There are two ways to restore UCP:

  1. On a manager node of an existing Swarm which does not have UCP installed. In this case, UCP restore will use the existing Swarm.
  2. On a Docker engine that isn’t participating in a Swarm. In this case, a new Swarm is created, and UCP is restored on top.

You only need to be sure that UCP is not running on the manager you are trying to restore. If UCP is running, you should uninstall it first.

The following example shows how to restore UCP from an existing backup file, presumed to be located at /tmp/backup.tar (replace <UCP_VERSION> with the version of your backup):

$ docker container run --rm -i --name ucp \
  -v /var/run/docker.sock:/var/run/docker.sock  \
  docker/ucp:<UCP_VERSION> restore < /tmp/backup.tar

If the backup file is encrypted with a passphrase, provide the passphrase to the restore operation(replace <UCP_VERSION> with the version of your backup):

$ docker container run --rm -i --name ucp \
  -v /var/run/docker.sock:/var/run/docker.sock  \
  docker/ucp:<UCP_VERSION> restore --passphrase "secret" < /tmp/backup.tar  

The restore command may also be invoked in interactive mode, in which case the backup file should be mounted to the container rather than streamed through stdin (replace <UCP_VERSION> with the version of your backup):

$ docker container run --rm -i --name ucp \
  -v /var/run/docker.sock:/var/run/docker.sock \
  -v /tmp/backup.tar:/config/backup.tar \
  docker/ucp:<UCP_VERSION> restore -i

After you successfully restored UCP, you can add new managers and workers the same way you would after a fresh installation.

DTR Restore

You only need to restore a replica from a backup if your DTR has a majority of unhealthy replicas.
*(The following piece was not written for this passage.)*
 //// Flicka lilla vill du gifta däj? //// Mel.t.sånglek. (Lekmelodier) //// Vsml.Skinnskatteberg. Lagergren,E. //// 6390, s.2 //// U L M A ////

Otherwise, you can remove the unhealthy replica and use the join command to add it again to the cluster.

For a DTR restore:

  • UCP must be up and running and healthy. You do not have to stop any running replicas.
  • You must restore DTR on the same UCP cluster where you’ve created the backup. Do not try to restore on a different UCP cluster; all DTR resources will be owned by users that don’t exist, so you’ll not be able to manage the resources, even though they’re stored in the DTR data store.
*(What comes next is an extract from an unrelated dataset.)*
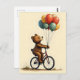 This design captures a moment of pure, innocent joy with a whimsical illustration of a cheerful teddy bear. The bear is happily riding a bicycle with a bunch of colorful balloons tied to it, symbolizing freedom and fun. This delightful image is perfect for children's items, or for anyone who appreciates a sweet, lighthearted design that brings a smile to their face.
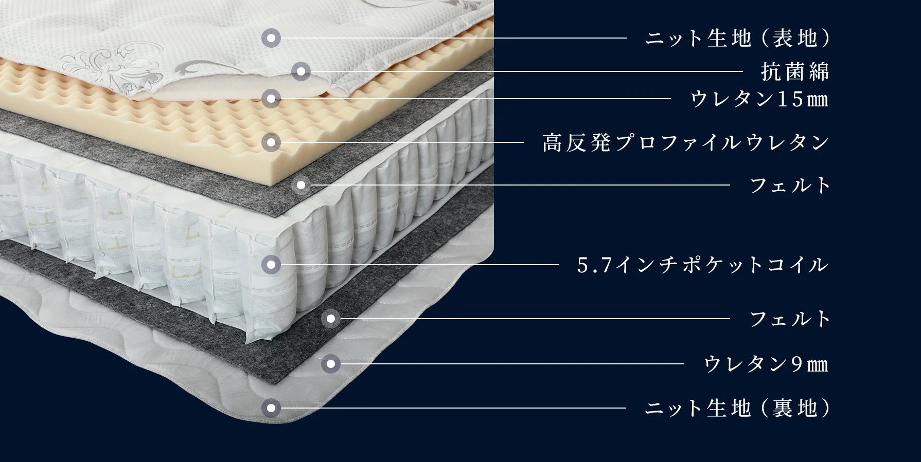 それぞれの層が織り成すこだわりの構造、そのすべてが良質な眠りに誘います。

You can restore the DTR metadata with the docker/dtr restore command. This performs a fresh installation of DTR and reconfigures it with the configuration created during a backup (replace <DTR_VERSION> with the version of your backup):

$ docker run -i --rm \
  docker/dtr:<DTR_VERSION> restore \
  --ucp-url <UCP_URL> \
  --ucp-insecure-tls \
  --ucp-username <UCP_USERNAME> \
  --ucp-node <HOSTNAME> \
  --replica-id <REPLICA_ID> \
  --dtr-external-url <DTR_EXTERNAL_URL> < backup-metadata.tar

If you are using a NFS backend storage for the images data, add the argument --nfs-storage-url <NFS_STORAGE_URL> on the restore command line. This will restore the metadata with your NFS backend configured.

If you’re scanning images, you now need to download the vulnerability database. The vulnerability database is not part of the DTR backup.

If you had DTR configured to store images on the local filesystem (not recommended for production), you can extract your backup:

$ tar -xzf backup-images.tar -C /var/lib/docker/volumes

If you’re using a different storage backend, follow the best practices recommended for that system. When restoring the DTR metadata, DTR will be deployed with the same configurations it had when creating the backup.

If you are using a NFS backend storage for the Images Data, add the argument --nfs-storage-url <NFS_STORAGE_URL> on the restore command line. This will restore the metadata with your NFS backend configured.

After you successfully restore DTR, you can join new replicas the same way you would after a fresh installation.